▸ **Exercise**: Copy, exactly as written, the lines that begin at the one containing "小橋川響之介さんの画数の鑑定結果" and end at the one containing "2019 New Multi-functional". Skip any pictures in the data below.

[Stored data entries]
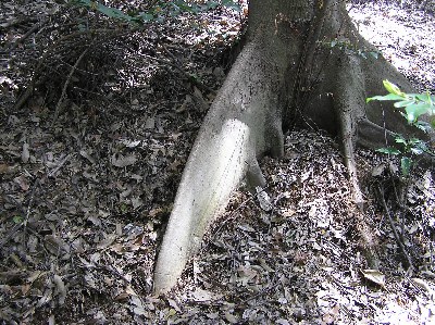 【右】スダジイの板根。土壌が硬く根が張り難いところで発達します。
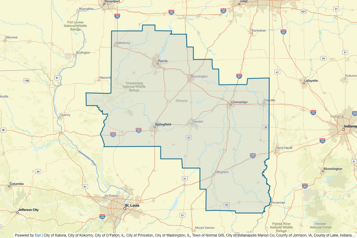 This includes Knox, Lawrence, Marion, Sullivan, Clay, Crawford, Edwards, Effingham, Fayette, Richland, Wabash, Wayne, Jasper, Iroquois, La Salle, Henry, Livingston, Logan, McDonough, McLean, Macon, Macoupin, Marshall, Mason, Woodford, Adams, Brown, Bureau, Cass, Champaign, Christian, Clark, Coles, Cumberland, De Witt, Douglas, Edgar, Greene, Ford, Warren, Vigo, Vermillion, Benton, Menard, Mercer, Montgomery, Morgan, Moultrie, Peoria, Piatt, Pike, Putnam, Sangamon, Schuyler, Scott, Shelby, Stark, Tazewell, Vermilion, Warren, Fulton, Hancock, and Knox
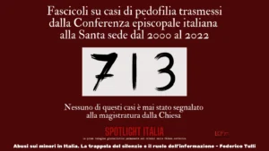 E ancora, il 17 dicembre del 2022 mons. Baturi, segretario generale della Conferenza episcopale, ha rivelato che dal 2010 al 2020 sono stati «613 i fascicoli trasmessi dalle diocesi italiane al dicastero per la Dottrina della fede», cioè alla Santa sede. Altri 100 fascicoli erano stati trasmessi tra il 2000 e il 2010. Sommando questi numeri viene fuori che tra il 2000 e il 2023 in Italia sono stati denunciati almeno 146+613+100 (cioè 859) casi di pedofilia nella Chiesa. Nemmeno i 713 fascicoli della Cei sono mai stati condivisi con la magistratura, sempre in virtù del “diritto” a non collaborare sancito dall’articolo 4 del Concordato.
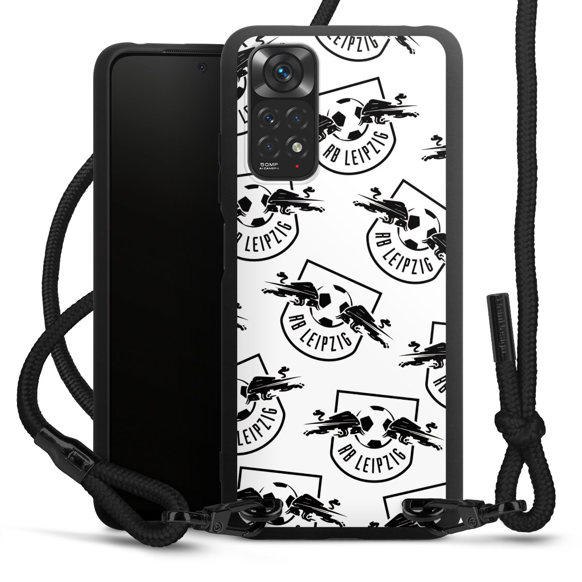 The matt black silicone case is made of flexible TPU (thermoplastic polyurethane) and offers robust protection. The durable, unbreakable material makes the cover flexible and dimensionally stable at the same time. The matte surface makes your design stand out more and is less susceptible to fingerprints and dirt. The stylish trend accessory fits comfortably in the hand and is perfectly complemented by the fabric (polyester) mobile phone strap. The braided fabric strap is approx. 1.70 metres long with a diameter of approx. 0.5 cm. Due to the special knotting technique, the length of the strap can be adjusted by simply pulling it, so that you can adapt it individually to your wishes. The practical case to wear around your neck is available with the fabric strap in black. As a little icing on the cake, we have provided the strap with a chic metal fastener in matt black. The strap is securely fastened to the case with loops made of high-quality genuine leather and press studs. The ends of the fabric strap are covered with metallic end caps and thus protected from fraying.
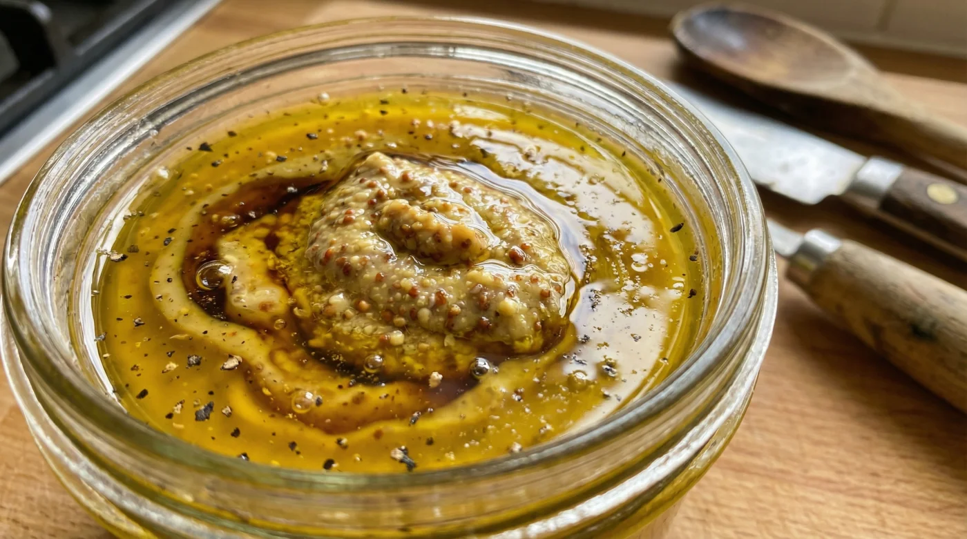 You stand at the kitchen counter, armed with a balloon whisk and a profound sense of looming failure. The olive oil and cider vinegar refuse to speak to one another, sitting in the glass bowl like a stubborn oil slick atop a rain puddle.
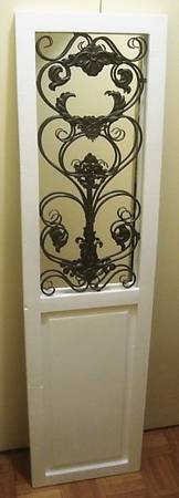 Wood and Mirror Wall Décor with Metal Overlay $30 Cash Only Upper half Decorative Scroll and Floral design set over a mirror Lower half white wood panel Create an artful focal point in any room, on...
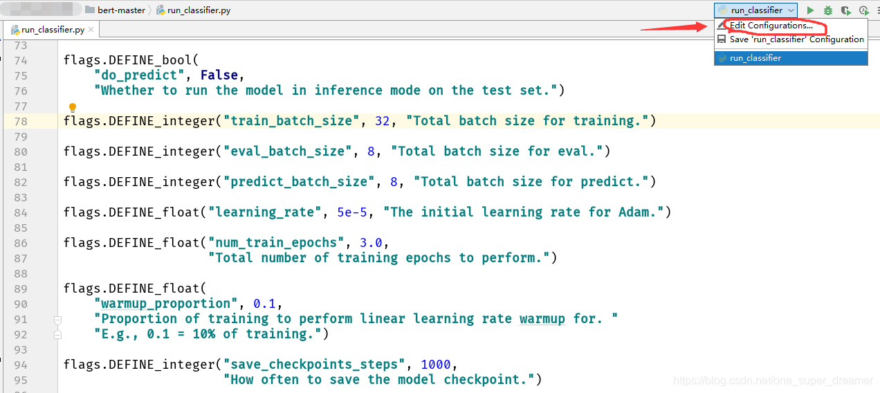 bert的核心代码解读在https://blog.csdn.net/one_super_dreamer/article/details/105344649,本文主要介绍训练实例。
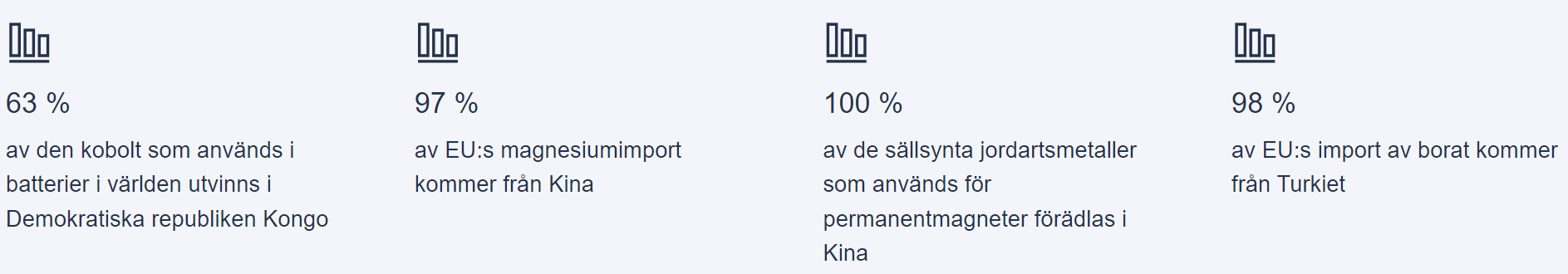 Den gröna och digitala omställningen innebär en stor efterfrågan på metaller och mineral. Europas konsumtion av råvaror utgör ungefär en fjärdedel av världens råvaror, men själva står Europa enbart för cirka tre procent av produktionen. EU är därmed beroende av import från främst Kina men även Turkiet och Sydafrika.
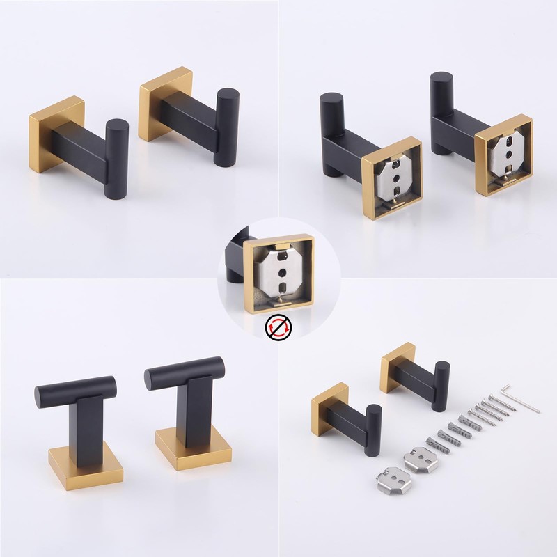GERZWY Stainless Steel Towel Hook Heavy Duty Wall Mounted Robe Coat Hook for Bathroom 2 Pack (Black & Gold)
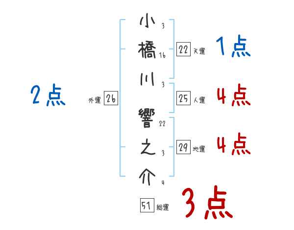 小橋川響之介さんの画数の鑑定結果
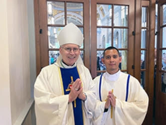 The Rev. Mr. Houston’s diaconal ordination was celebrated at the Cathedral of the Most Sacred Heart of Jesus through the laying of hands and the prayer of consecration invoking the Holy Spirit by Archbishop Shelton J. Fabre of Louisville, KY. Bishop-elect Mark Beckman of Knoxville and AMS Auxiliary F. Richard Spencer concelebrated the 10:30 a.m. ordination Mass. Among those in attendance were the new deacon’s father, Mr. Charles Houston, who served in the U.S. Navy as a corpsman.
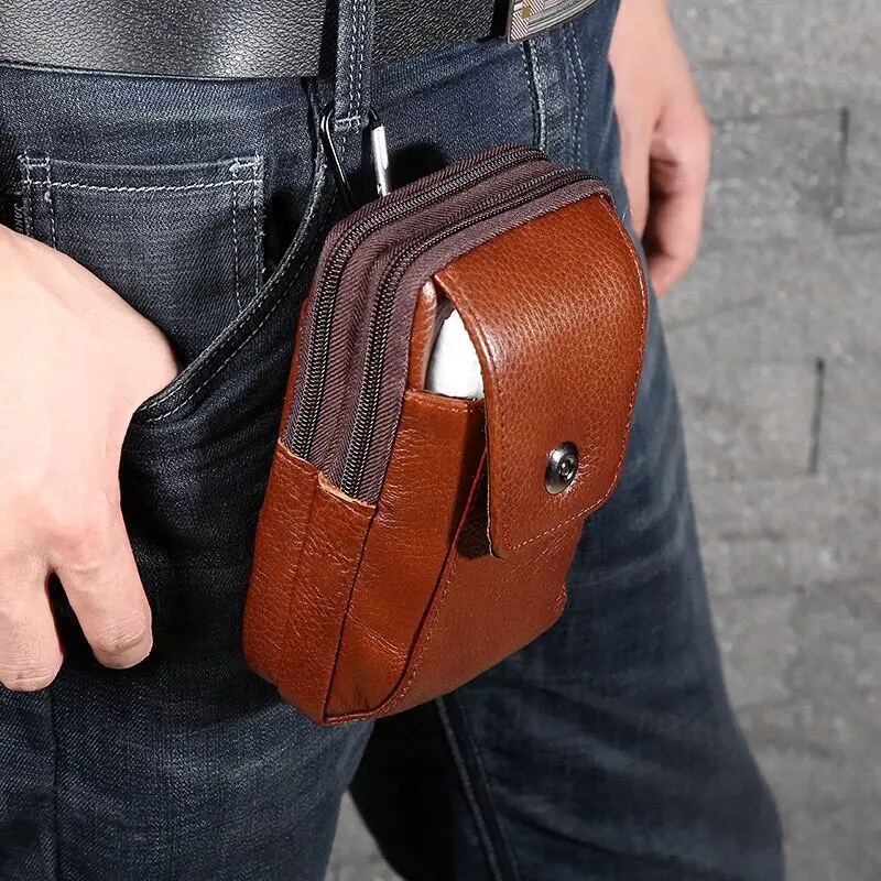 2019 New Multi-functional PU Three-layer Hook Waterproof Shockproof Sports Design Mobile Phone Waist Bag for Iphone Vertical Pack of 2
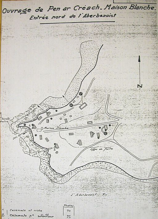 Plan de l'ensemble fortifié de Keravel-Brouennou dit de Penn ar Créac'h Maison Blanche, n° 88, rapport Pinczon du Sel. Livre IV, vers 1947, Service Historique de la Marine, BrestImmatriculation
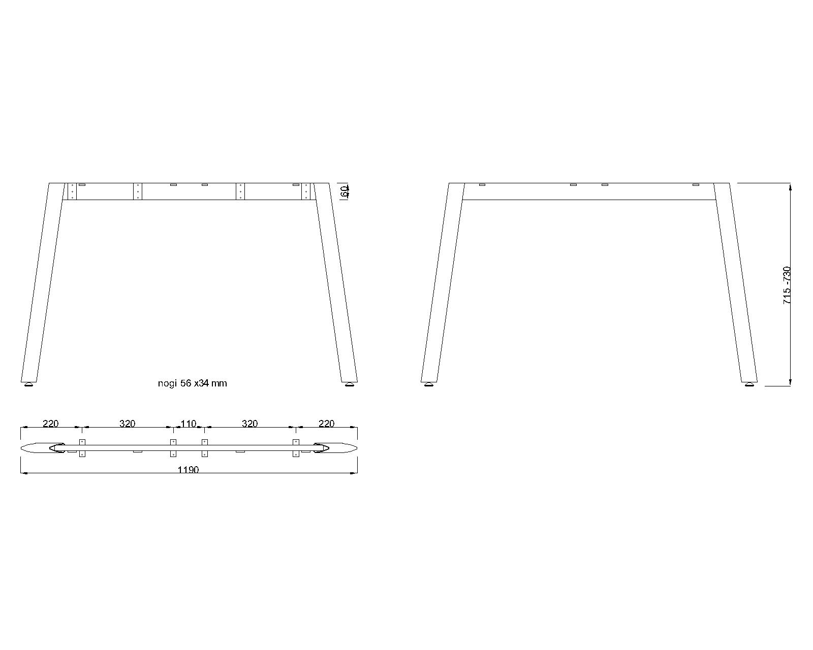 Podnož stolu dvojitá zkosená (profil nohy trojúhelníkový 56x34 mm)

▸ **Answer space**:
 小橋川響之介さんの画数の鑑定結果
 The Rev. Mr. Houston’s diaconal ordination was celebrated at the Cathedral of the Most Sacred Heart of Jesus through the laying of hands and the prayer of consecration invoking the Holy Spirit by Archbishop Shelton J. Fabre of Louisville, KY. Bishop-elect Mark Beckman of Knoxville and AMS Auxiliary F. Richard Spencer concelebrated the 10:30 a.m. ordination Mass. Among those in attendance were the new deacon’s father, Mr. Charles Houston, who served in the U.S. Navy as a corpsman.
 2019 New Multi-functional PU Three-layer Hook Waterproof Shockproof Sports Design Mobile Phone Waist Bag for Iphone Vertical Pack of 2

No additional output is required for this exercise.